You can get the app from https://kitematic.com/ and access it through the Docker menu.
The user guide overviews how to manage containers with the tool

17.6.3 Word Count with Spark¶

Use Spark filter, map and reduce to implement a simple word count example that summarizes the words in Romeo and Juliet

Loading the NLTK Stop Words¶

import nltk
nltk.download('stopwords')

[nltk_data] Downloading package stopwords to /home/jovyan/nltk_data...
[nltk_data]   Package stopwords is already up-to-date!

True

from nltk.corpus import stopwords
stop_words = stopwords.words('english')

Configuring a SparkContext¶

A SparkContext object gives you access to Spark’s capabilities
Some Spark environments create a SparkContext for you but not the Jupyter Docker stack
To create a SparkContext
- Specify the configuration options with a SparkConf object
- setMaster specifies the Spark cluster’s URL
- local[*] — Spark is executing on your local computer
- * — Use same number of threads as cores on your computer
  - Simulates parallelism of Spark clusters

from pyspark import SparkConf
configuration = SparkConf().setAppName('RomeoAndJulietCounter')\
                           .setMaster('local[*]')

from pyspark import SparkContext
sc = SparkContext(conf=configuration)

Reading the Text File and Mapping It to Words¶

You work with a SparkContext using functional-style programming applied to an RDD
RDD enables you to transform the data stored throughout a cluster in HDFS
Get a new RDD representing all words in Romeo and Juliet:

from textblob.utils import strip_punc

tokenized = sc.textFile('RomeoAndJuliet.txt')\
              .flatMap(lambda line: line.lower().split())\
              .map(lambda word: strip_punc(word, all=True))

Removing the Stop Words¶

Get a new RDD with no stop words remaining:

filtered = tokenized.filter(lambda word: word not in stop_words)

Counting Each Remaining Word¶

Now we can count the number of occurrences of each word
First map each word to a tuple containing the word and 1
reduceByKey with the operator module’s add function as an argument adds the counts for tuples that contain same key (word)

from operator import add
word_counts = filtered.map(lambda word: (word, 1)).reduceByKey(add)
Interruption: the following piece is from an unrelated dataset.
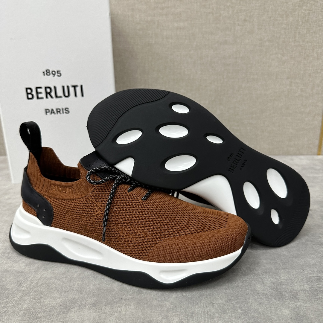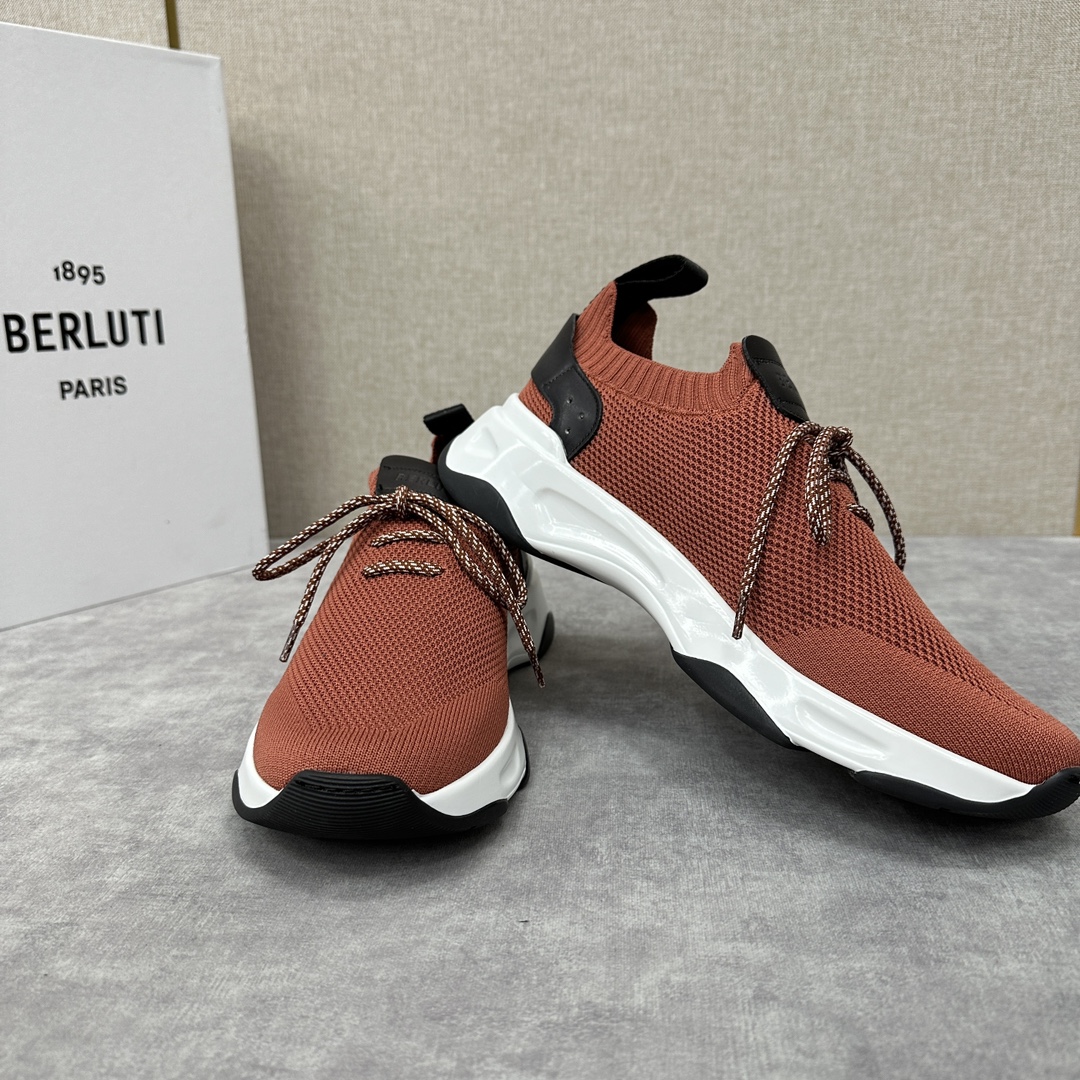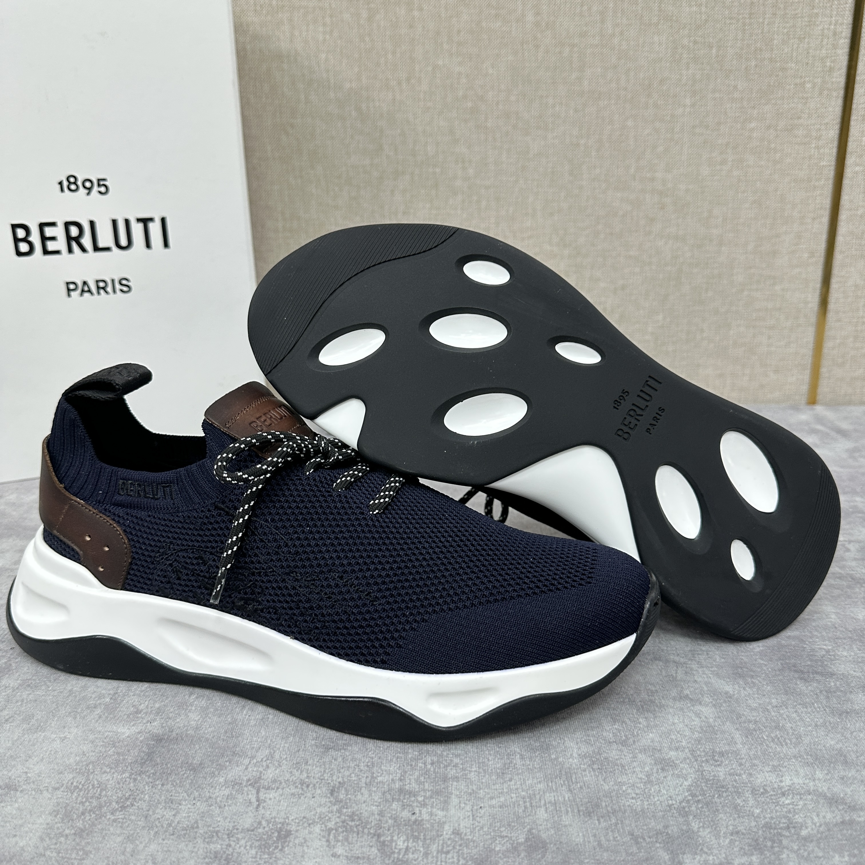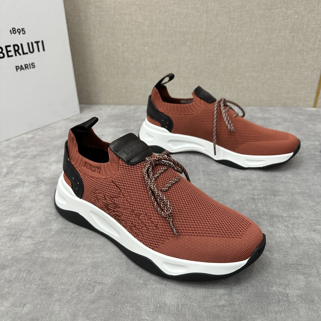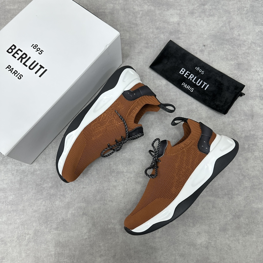 Элегантные мужские кроссовки Berluti из текстиля — сочетание инновационного дизайна и непревзойдённого комфорта. Модель выполнена из мягкого и прочного трикотажного материала, который обеспечивает отличную вентиляцию и идеально облегает ногу. Легкая подошва из вспененного материала с амортизирующим эффектом снижает нагрузку при ходьбе, а стильные кожаные вставки добавляют роскошный акцент.

Keeping Only the Words with Counts Greater Than or Equal to 60¶

filtered_counts = word_counts.filter(lambda item: item[1] >= 60)

Sorting in Descending Order and Displaying the Results¶

At this point, we’ve specified all the steps to count the words
When you call an RDD's collect method, Spark
- initiates the processing steps
- returns a list containing the final results — word-count tuples
Everything appears to execute on one computer
Spark distributes tasks among the cluster’s worker nodes

from operator import itemgetter
sorted_items = sorted(filtered_counts.collect(),
                      key=itemgetter(1), reverse=True)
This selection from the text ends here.